**What you will do:** Nothing outside the lines below from the one containing "ジャガード織で描かれた柄デザインが上品で華やかな風合いを演出する収納バッグ👜" through the one containing "Черешня в шоколаде" is to be printed; print those exactly, ends included, and drop the pictures.

══════════

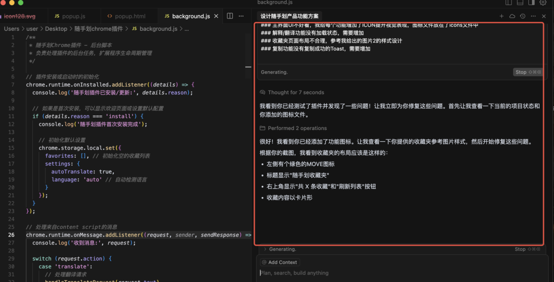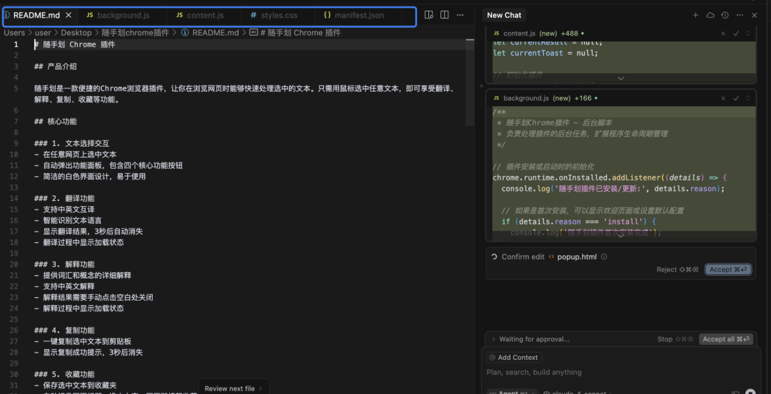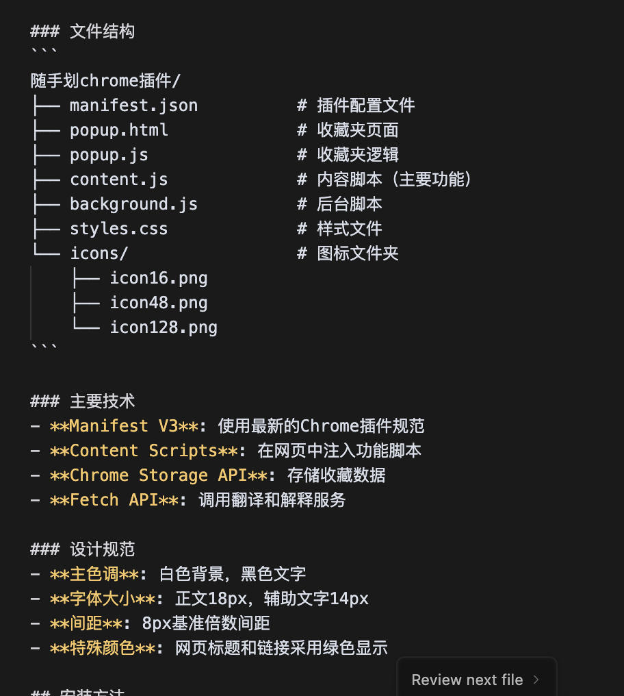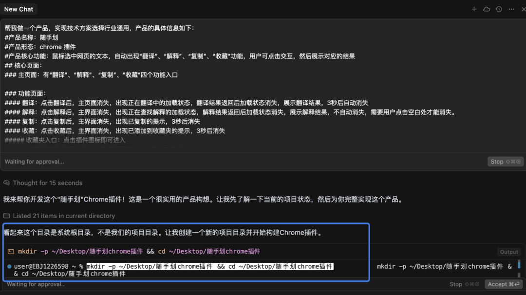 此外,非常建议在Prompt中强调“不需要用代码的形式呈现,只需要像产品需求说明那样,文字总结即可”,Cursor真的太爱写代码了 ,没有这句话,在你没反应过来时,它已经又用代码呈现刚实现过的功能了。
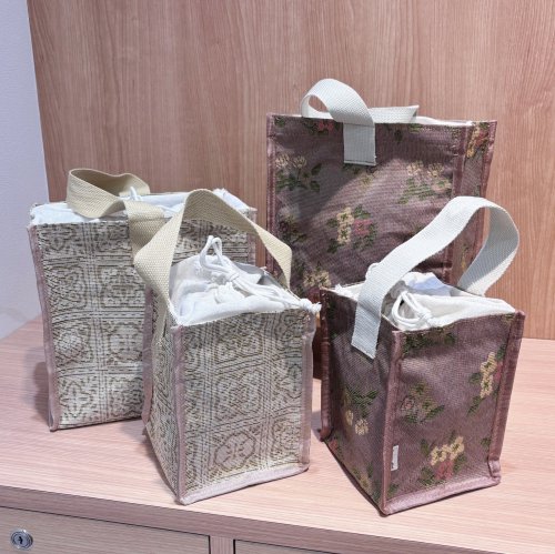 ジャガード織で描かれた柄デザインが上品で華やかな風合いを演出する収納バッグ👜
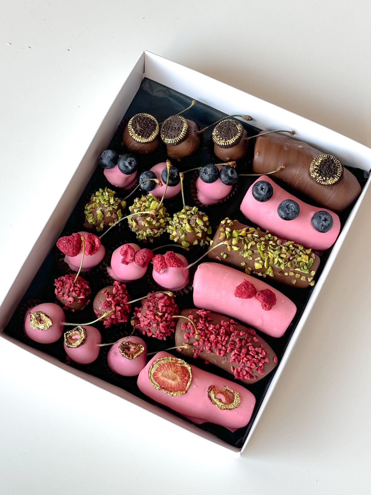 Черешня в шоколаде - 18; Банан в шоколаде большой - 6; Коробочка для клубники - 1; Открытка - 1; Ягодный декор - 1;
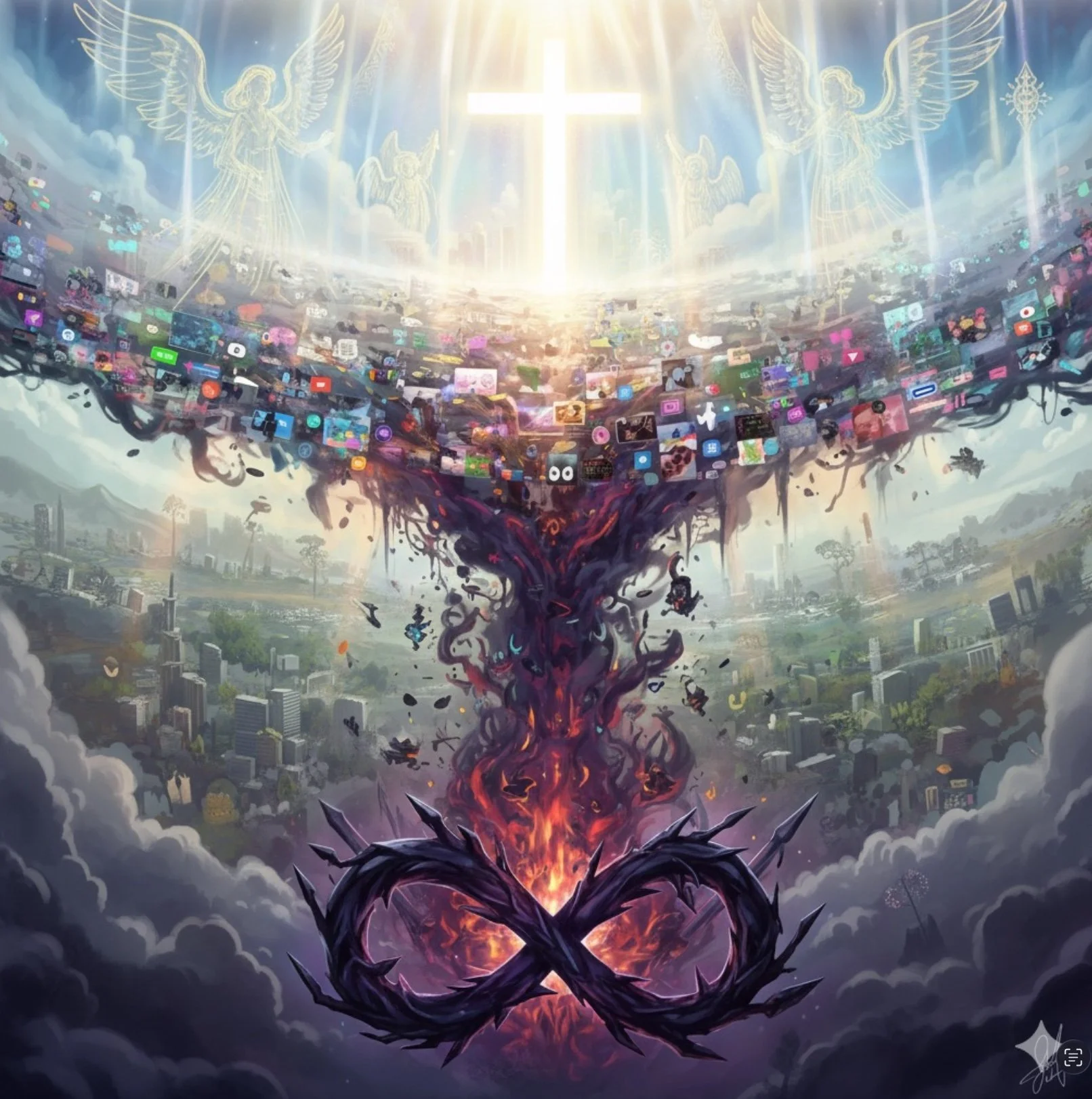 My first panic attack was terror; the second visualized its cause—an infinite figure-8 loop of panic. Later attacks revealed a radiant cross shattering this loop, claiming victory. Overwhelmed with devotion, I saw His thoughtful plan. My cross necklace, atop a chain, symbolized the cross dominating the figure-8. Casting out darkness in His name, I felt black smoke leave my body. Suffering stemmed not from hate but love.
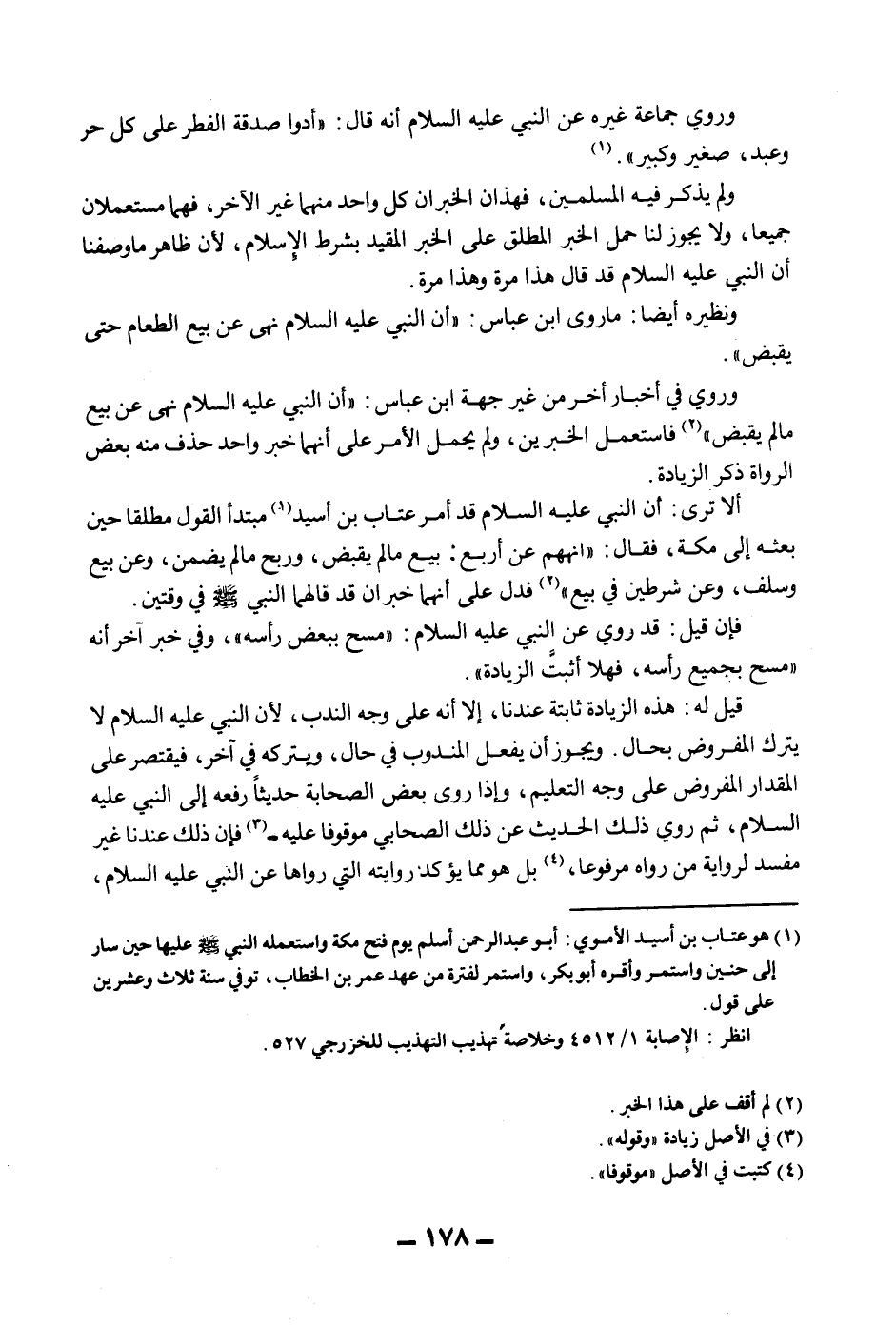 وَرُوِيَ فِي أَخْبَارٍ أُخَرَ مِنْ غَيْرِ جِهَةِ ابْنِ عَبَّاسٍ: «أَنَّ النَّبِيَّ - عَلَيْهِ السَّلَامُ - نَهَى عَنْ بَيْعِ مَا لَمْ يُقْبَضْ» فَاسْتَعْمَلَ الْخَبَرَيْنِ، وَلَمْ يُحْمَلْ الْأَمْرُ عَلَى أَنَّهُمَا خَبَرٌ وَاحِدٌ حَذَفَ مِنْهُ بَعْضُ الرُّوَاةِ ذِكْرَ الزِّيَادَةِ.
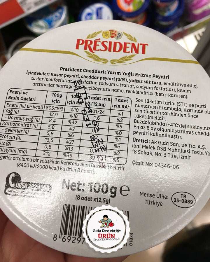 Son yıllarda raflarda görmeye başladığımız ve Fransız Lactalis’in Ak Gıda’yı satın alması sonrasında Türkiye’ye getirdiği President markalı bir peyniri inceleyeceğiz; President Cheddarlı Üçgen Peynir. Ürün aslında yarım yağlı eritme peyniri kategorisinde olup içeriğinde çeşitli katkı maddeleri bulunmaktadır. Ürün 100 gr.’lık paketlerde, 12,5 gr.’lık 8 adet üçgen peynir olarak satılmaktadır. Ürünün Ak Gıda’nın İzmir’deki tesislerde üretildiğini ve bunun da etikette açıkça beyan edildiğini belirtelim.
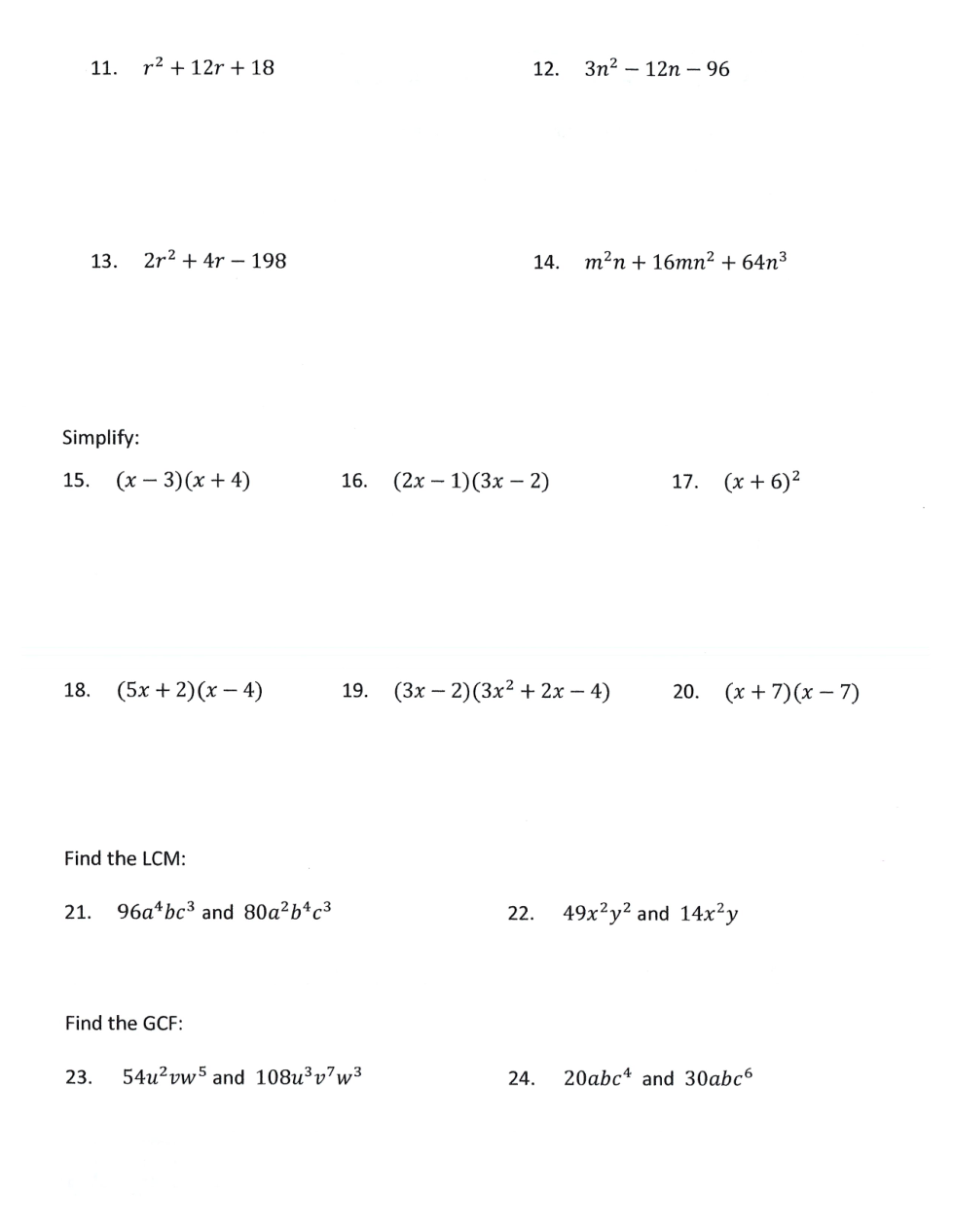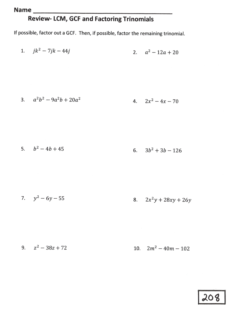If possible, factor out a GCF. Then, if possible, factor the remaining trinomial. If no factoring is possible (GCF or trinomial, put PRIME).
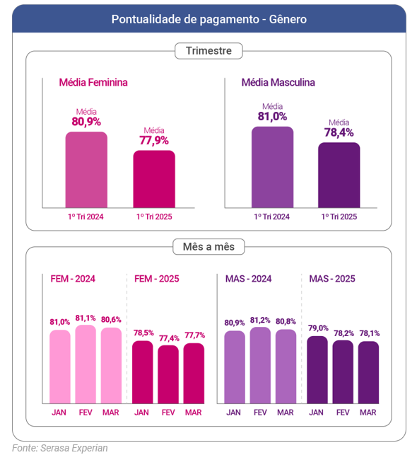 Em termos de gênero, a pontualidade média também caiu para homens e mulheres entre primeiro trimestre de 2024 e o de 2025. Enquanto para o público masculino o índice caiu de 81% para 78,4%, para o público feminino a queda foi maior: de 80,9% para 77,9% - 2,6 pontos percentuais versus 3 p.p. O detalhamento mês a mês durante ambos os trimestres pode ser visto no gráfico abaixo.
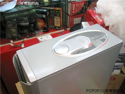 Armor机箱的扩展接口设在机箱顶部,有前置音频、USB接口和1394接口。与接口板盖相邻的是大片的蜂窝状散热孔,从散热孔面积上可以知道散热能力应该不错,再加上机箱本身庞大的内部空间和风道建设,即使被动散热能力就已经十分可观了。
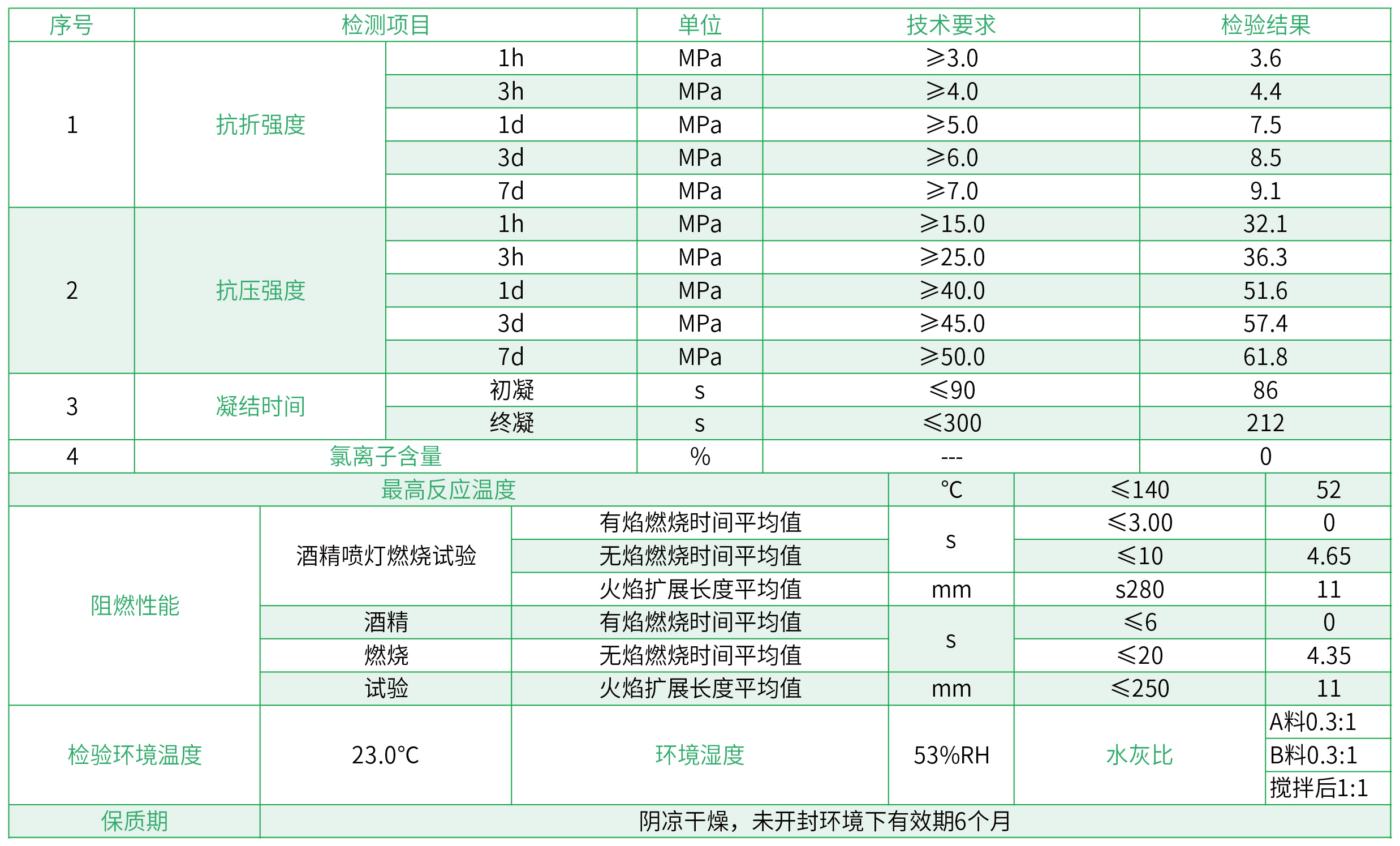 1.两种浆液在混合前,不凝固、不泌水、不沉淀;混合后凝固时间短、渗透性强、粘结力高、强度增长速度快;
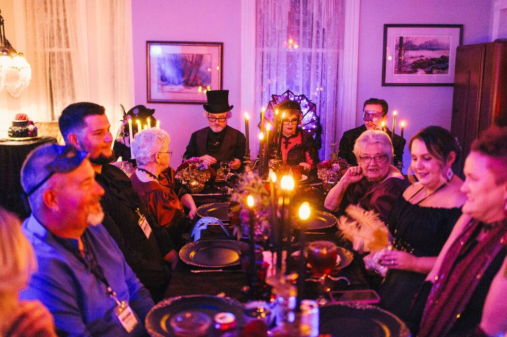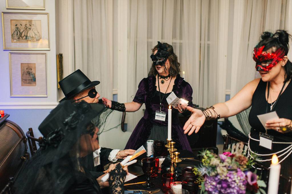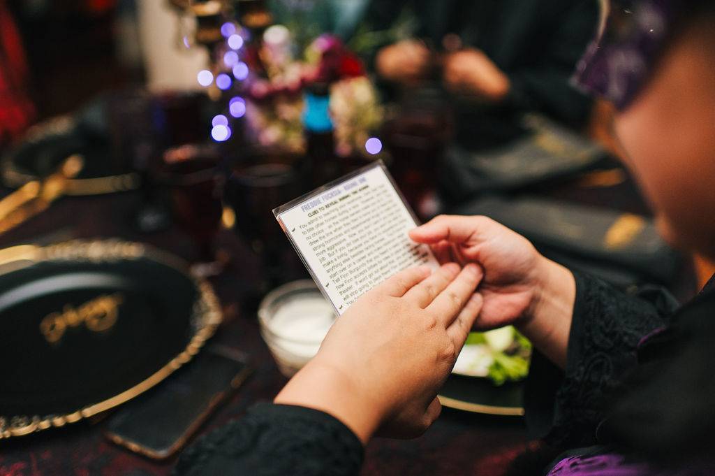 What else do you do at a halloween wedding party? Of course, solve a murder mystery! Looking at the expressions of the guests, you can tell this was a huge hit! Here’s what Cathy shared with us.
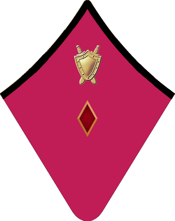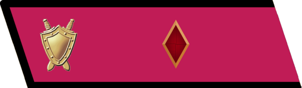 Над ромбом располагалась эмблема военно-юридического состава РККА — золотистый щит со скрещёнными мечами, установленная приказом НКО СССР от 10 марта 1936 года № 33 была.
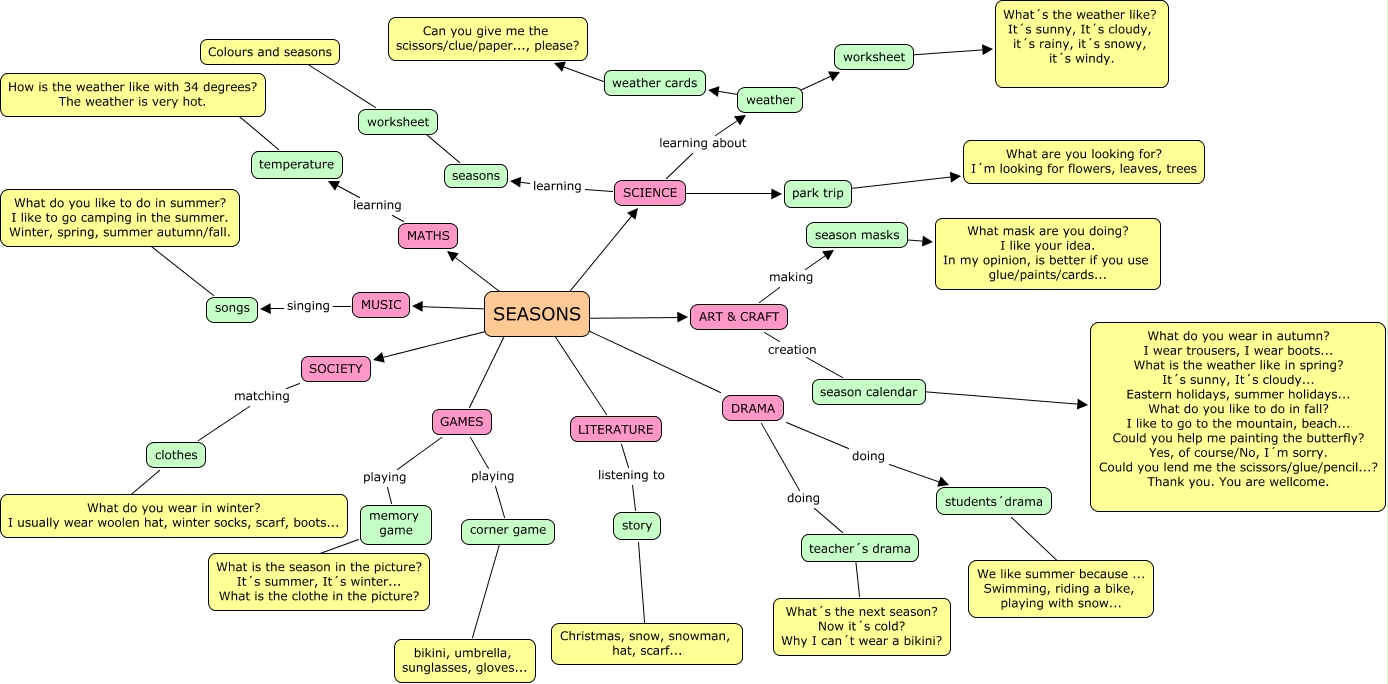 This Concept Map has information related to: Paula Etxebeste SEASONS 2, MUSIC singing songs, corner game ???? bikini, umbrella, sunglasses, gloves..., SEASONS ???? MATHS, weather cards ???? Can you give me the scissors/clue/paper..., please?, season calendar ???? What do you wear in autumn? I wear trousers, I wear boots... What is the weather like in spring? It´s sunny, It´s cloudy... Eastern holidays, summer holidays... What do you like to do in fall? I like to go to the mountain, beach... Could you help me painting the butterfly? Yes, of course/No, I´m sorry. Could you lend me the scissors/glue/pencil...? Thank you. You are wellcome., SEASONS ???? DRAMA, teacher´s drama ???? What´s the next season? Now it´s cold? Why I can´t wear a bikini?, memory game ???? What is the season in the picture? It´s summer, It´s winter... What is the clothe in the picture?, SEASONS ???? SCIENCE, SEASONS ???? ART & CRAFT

══════════

**Task answer:**
 ジャガード織で描かれた柄デザインが上品で華やかな風合いを演出する収納バッグ👜
 Черешня в шоколаде - 18; Банан в шоколаде большой - 6; Коробочка для клубники - 1; Открытка - 1; Ягодный декор - 1;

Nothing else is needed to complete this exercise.